Signs and symptoms consistent with acute monoarticular arthritis suggest gout. However, definitive diagnosis requires demonstration of urate crystals in joint or tophus aspirate.

Elevated serum uric acid level is present in most cases.

Synovial fluid aspirate reveals negatively birefringent, needle–shaped crystals, or tophi aspirate reveals urate crystals.

A 24–hour urine uric acid collection may help distinguish overproduction from underexcretion (>800 mg of uric acid/24 hours indicates overproduction).

Early in the disease, x–rays of the joints may appear normal. As the disease progresses, punched–out erosions with a rim of cortical bone may appear.

Treatment

Treatment of asymptomatic hyperuricemia is usually not indicated, aside from the dietary adjustments noted below in Nutritional Considerations. Anti–inflammatory agents for acute attacks and prophylaxis for patients with high risks of recurrence are the cornerstones of therapy.

The treatment of choice for acute attacks in otherwise healthy adults is bed rest and nonsteroidal anti–inflammatory drugs (NSAIDs); indomethacin is often used.

Corticosteroids are reserved for severe disease or in patients who cannot take NSAIDs (eg, patients with renal failure). Monoarticular disease may be treated with intra–articular steroid administration. Polyarticular gout may be treated with oral or IV steroids.
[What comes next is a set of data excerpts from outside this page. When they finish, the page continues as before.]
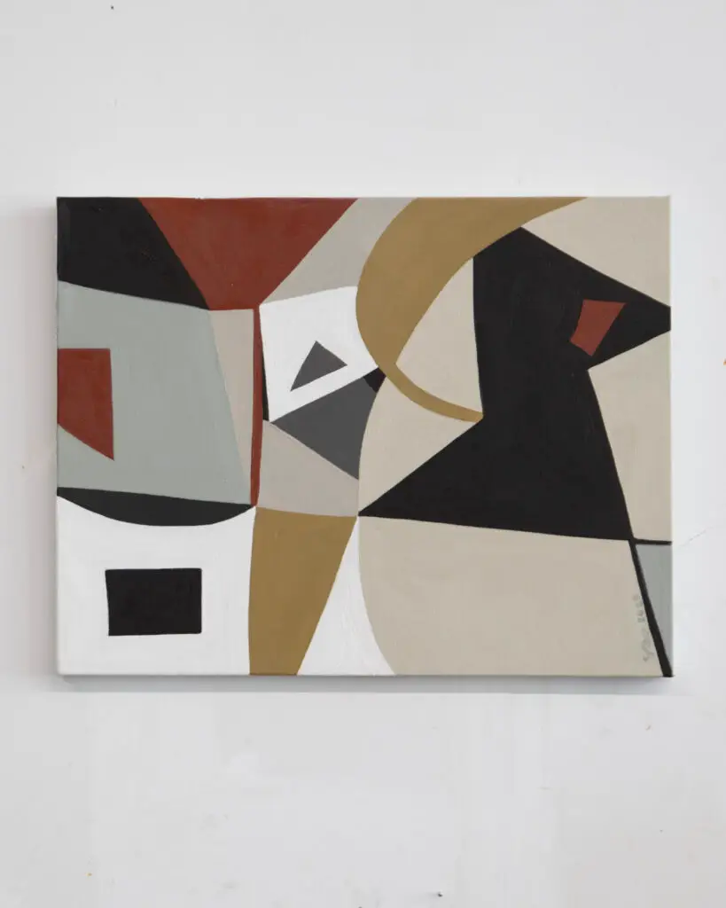 These abstract paintings in oil and acrylic range from intimate small works to large, commanding pieces. The work explores form, texture, and color through layered compositions that shift in impact with scale, offering both subtle detail and bold presence.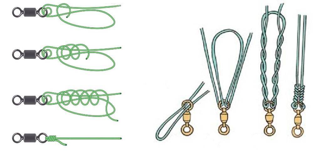 Существует достаточно большое количество способов, как можно прикрепить карабин к леске, все они подразделяются на 2 вида: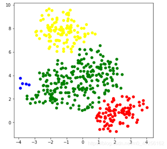 #采用 DBSCAN from sklearn.cluster import DBSCAN dbs=DBSCAN(min_samples=5) dbs.fit(x) label_dbs=dbs.labels_ color=['red','green','yellow','blue'] plt.figure(figsize=(6,6)) for i in range(4): plt.scatter(x[label_dbs==i]['特征1'],data[label_dbs==i]['特征2'],c=color[i]) plt.show()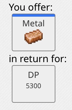 In this post, i’ll make a new reply indicating how many DP is avalible for change, The idea is that instead of you selling metals to DTP, i’ll buy them with an increase of 20%DP of their listed price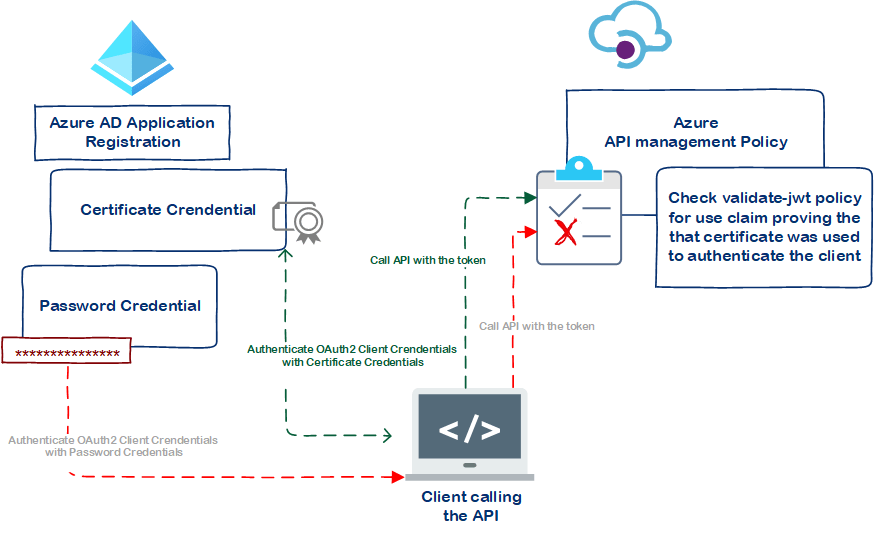 2. using Client Certificate (Signing the specific Jwt token with private key to receive access token from azure ad) – This blog will outline a way to ensure in API management that the second option was used to gain the token used in calling the API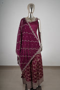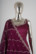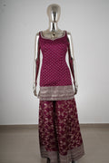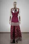Wine Maroon Embroidered Kurta Sharara Set with Dupatta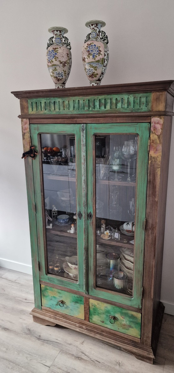 ZustandSehr gutFarbenGrün, Braun, MehrfarbigMaterialHolz, GlasAnzahl der Artikel1Höhe160 cmBreite90 cmTiefe45 cm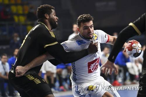 epa08963155 Portugal's Alexis Borges (L) in action against France's Nedim Remili (R) during the Main Round match between Portugal and France at the 27th Men's Handball World Championship in Giza, Egypt, 24 January 2021. EPA/Anne-Christine Poujoulat / POOL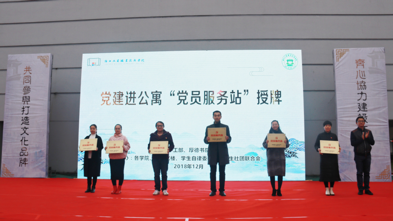 为了扎实推进党建进公寓,在校组织部、厚德书院党总支共同努力下,书院成立了“党员服务站”,谢骏为本次成立的6个党员服务站授牌。党员服务站代表殷帅帅老师发言,她表示作为站点老师将发挥好书院育人阵地新作用,将书院日常管理与先进学生考察表现考核相结合,做好“管”与“导”,发挥书院、学院党建新合力。为树立更多学生先进典范,由任一波老师、郑芳老师、励业老师、戴亚娥老师对学生党员寝室、学生干部寝室进行授牌,希望通过这些同学先锋模范作用带动更多同学营造书院良好生活风气、学习风气、为人风气。

Due to the high incidence of side effects, colchicine is now used less commonly than in the past.

Prophylactic medications to reduce the risk of further attacks include allopurinol, which inhibits xanthine oxidase and decreases urate production, and probenicid, which decreases renal uric acid reabsorption.

Surgery is reserved for severe cases, including joint deformities, intractable pain, and nerve compression due to tophi.